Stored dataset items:

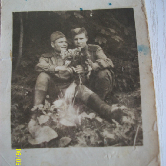 К огромному сожалению и своему стыду, непростительно мало знаю об участии отца в Великой Отечественной войне...Только детские воспоминания сохранились в памяти... Из детского дома п. Осакаровка в Казахстане добровольцем ушёл на фронт. Под Москвой прошёл обучение. Рассказывал о боях под Ленинградом, в Белоруссии, в Прибалтике... освобождал Кёнингсберг, разминировал драматический театр в Минске... Был в оцеплении военнопленных, когда их вели по Москве... Принимал участие в освобождении концлагерей. Был комсомольцем, секретарём первичной комсомольской организации. Служил в пехоте, шёл в рукопашные бои, ходил в разведку.... Был трижды контужен, трижды ранен. Трижды сестре в Казахстан приходили на него "Похоронки", но он, придя в себя, добирался до своих... Расписался на Рейхстаге за себя и своих сослуживцев (от воинских частей возили представителей в Берлин). Встретился в мае 1945 года случайно в Прибалтике с братом-фронтовиком. Сфотографировались с сиренью в руках из трофейного фотоаппарата. Участвовал и в операции с Японией. Был ранен в ногу, но чудом избежал ампутации...с осколками в ступне остался на всю жизнь. После войны закончил военное училище и прослужил в разных родах войск до 1972 года. Вернулся на родину в Лазаревское. Любил жизнь, остался в памяти родных, знакомых как мудрый и добрый человек...
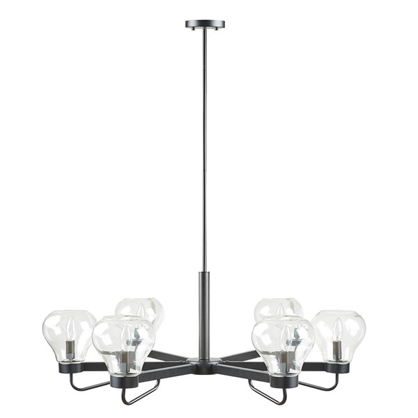 The 510 Design Devon 6-Light Chandelier with Bowl Shaped Glass Shades combines classic and modern styles to elevate your decor. This chandelier features 6 uplights with distinctive clear bowl-shaped shades to create a unique modern look. The black metal finish on frame adds that classic touch to complete the design. Also included are 4 piece extension rods, 1 that measures 9.75″, 2 that measure 12″ and 1 that measures 6″, which allow you to adjust the height between 14.75″ and 54.5″. Hardwired for indoor use only, this mid-century style chandelier is not compatible with a sloped ceiling and professional installation is recommended. Mounting hardware is included. Uses 6 Type B 40 Watt light bulbs (not included).
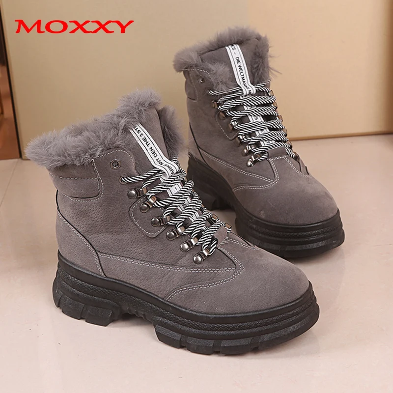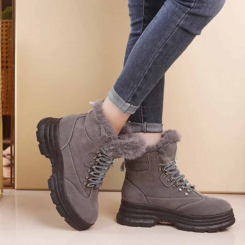 2019 New Retro Women's Winter Boots Women Snowboots Warm Fur Plush Lace Up Suede Comfort Platform Furry Boots Rubber Non-Slip :Click Here
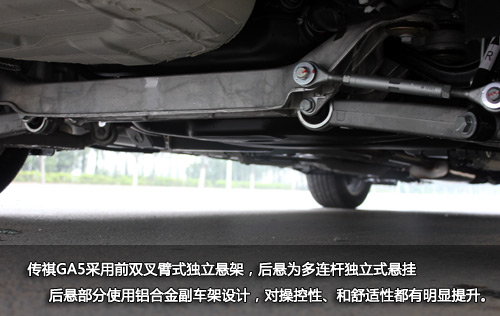 传祺GA5采用前双叉臂式独立悬架,后悬为多连杆独立式悬挂,后悬部分使用铝合金副车架设计,对操控性、和舒适性都有明显提升。
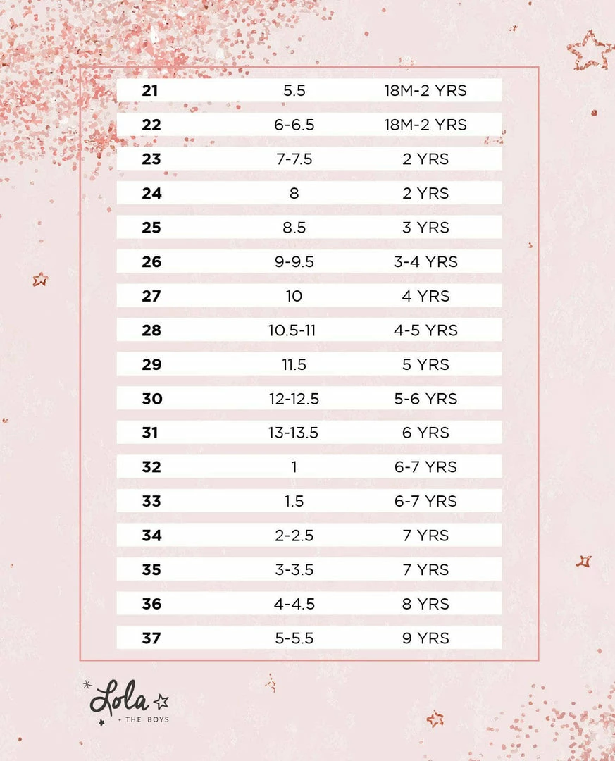 | Size | 5.5C (21), 6C (22), 7C (23), 8C (24), 9C (25), 9.5C (26), 10C (27), 11C (28), 11.5C (29), 12C (30), 13C (31), 1Y (32), 2Y (33), 3Y (34), 4Y (35), 5Y (36), 6Y (37) |

> [Your goal] Exclude all pictures and reproduce verbatim the lines running from the line that contains "传祺GA5采用前双叉臂式独立" to the end of the data above, both ends included.

> [Worked solution]
 传祺GA5采用前双叉臂式独立悬架,后悬为多连杆独立式悬挂,后悬部分使用铝合金副车架设计,对操控性、和舒适性都有明显提升。
 | Size | 5.5C (21), 6C (22), 7C (23), 8C (24), 9C (25), 9.5C (26), 10C (27), 11C (28), 11.5C (29), 12C (30), 13C (31), 1Y (32), 2Y (33), 3Y (34), 4Y (35), 5Y (36), 6Y (37) |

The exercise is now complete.